Таблица 1. Характеристика защищаемых программ
Таблица 2. Сравнительный обзор систем защиты
Хотя компании, разрабатывающие защиту, смогли сделать так, что привязка к оборудованию не вызывает особых проблем при работе, желательна независимость защиты от аппаратной конфигурации компьютера; логичнее привязывать ее к аппаратному ключу или компакт-диску. С помощью ключей можно реализовывать также различные схемы продаж лицензий. Но ключами имеет смысл защищать дорогой софт, а для дисков подходят и недорогие программные продукты.
· По возможности не нужно использовать для защиты дорогие дополнительные аппаратные приспособления, которые резко повышают стоимость защиты, а стало быть, и конечного продукта.
Таблица 3. Объект защиты и тип лицензии защищаемого продукта
Для недорогой программы нет резона использовать дорогую защиту. При расчете ее стоимости необходимо учитывать стоимость защищаемого программного продукта.
· Защита от взлома должна быть основана на оригинальных принципах. Критерием может служить тот факт, что защита еще никем не взломана либо взломана, но с привлечением всех возможных способов.
Защита может быть эффективной, если она находится в состоянии постоянного развития. Это значит, что разработчики защиты отслеживают хакерские форумы и своевременно латают дыры в собственных системах.
· Нельзя препятствовать свободному копированию защищенных данных (запрещается только несанкционированный запуск, то есть приложение копируется, но не исполняется).
В принципе можно по отдельности рассматривать защиту от копирования и от распространения (или нераспространения). Данный критерий предполагает свободное копирование, но авторизованный запуск.
· Защита должна быть подобрана с учетом традиций данного сегмента рынка ПО.
Если производитель хочет выйти на мировой рынок, то ему нужна защита, типичная для того сегмента, для которого предназначена программа. Так, например, мало кто решится ставить защиту, основанную на электронных ключах, на игровую программу, поскольку никто из производителей в данном сегменте такой защитой не пользуется. Соответственно, защита не должна вызывать отторжения у конечного пользователя своей экстравагантностью.

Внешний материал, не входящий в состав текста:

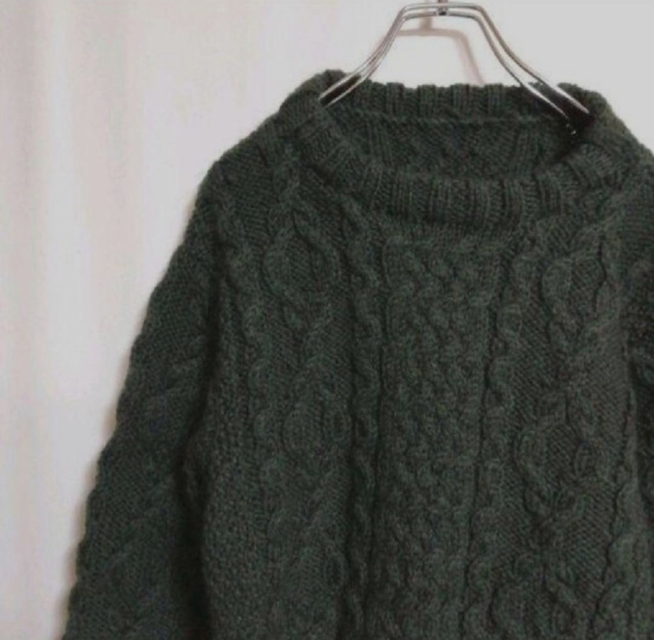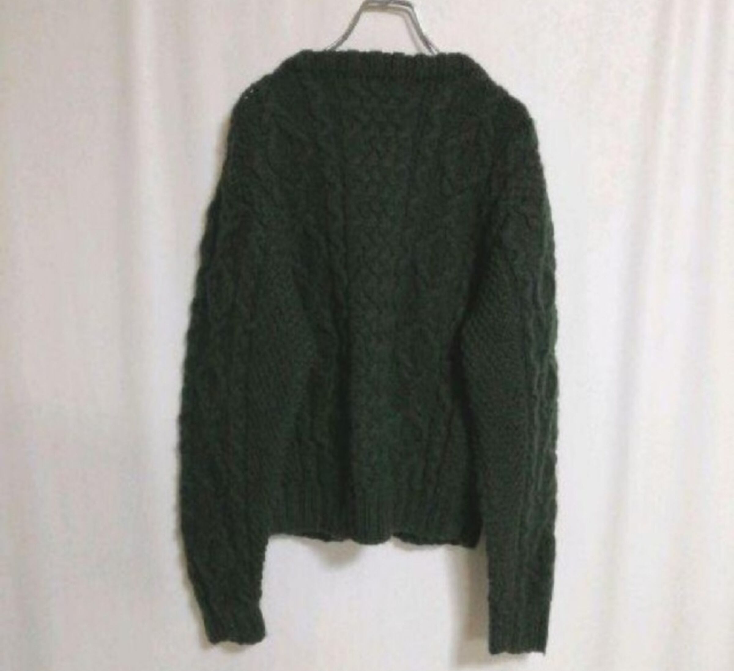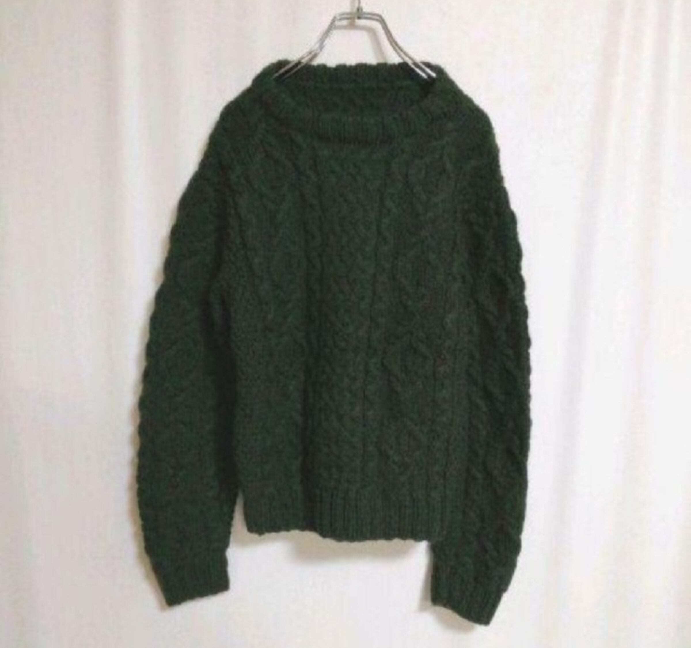 厚手で暖かいフィッシャーマンセーター。タグ表示が消えているため、素材やサイズが不明ですが、おそらくウールか、アクリルミックスウールだったと記憶しています。クリーニング済み。あまり見かけないダークグリーンカラー。

· Стоимость защиты для разработчика и покупателя должна соотноситься со стоимостью программы.
Современные средства защиты
Известно, что систем защит существует множество, но не все из них могут удовлетворять конечного потребителя по соотношению цена/качество.
В табл. 1 приведены исходные данные по "типовым" программным продуктам, которые необходимо защитить. Особое внимание следует обратить на ценовые категории и сегмент рынка, хотя каждая позиция может считаться ключевой. Так как любая система защиты делает продукт дороже, выбирать следует такую, которая минимально повышает стоимость ПО для каждой отдельной категории.
Большинство основных игроков работает в сфере защиты компакт-дисков, однако есть и "защитники" shareware-программ (защита от взлома в чистом виде), и компании, организующие аппаратную защиту.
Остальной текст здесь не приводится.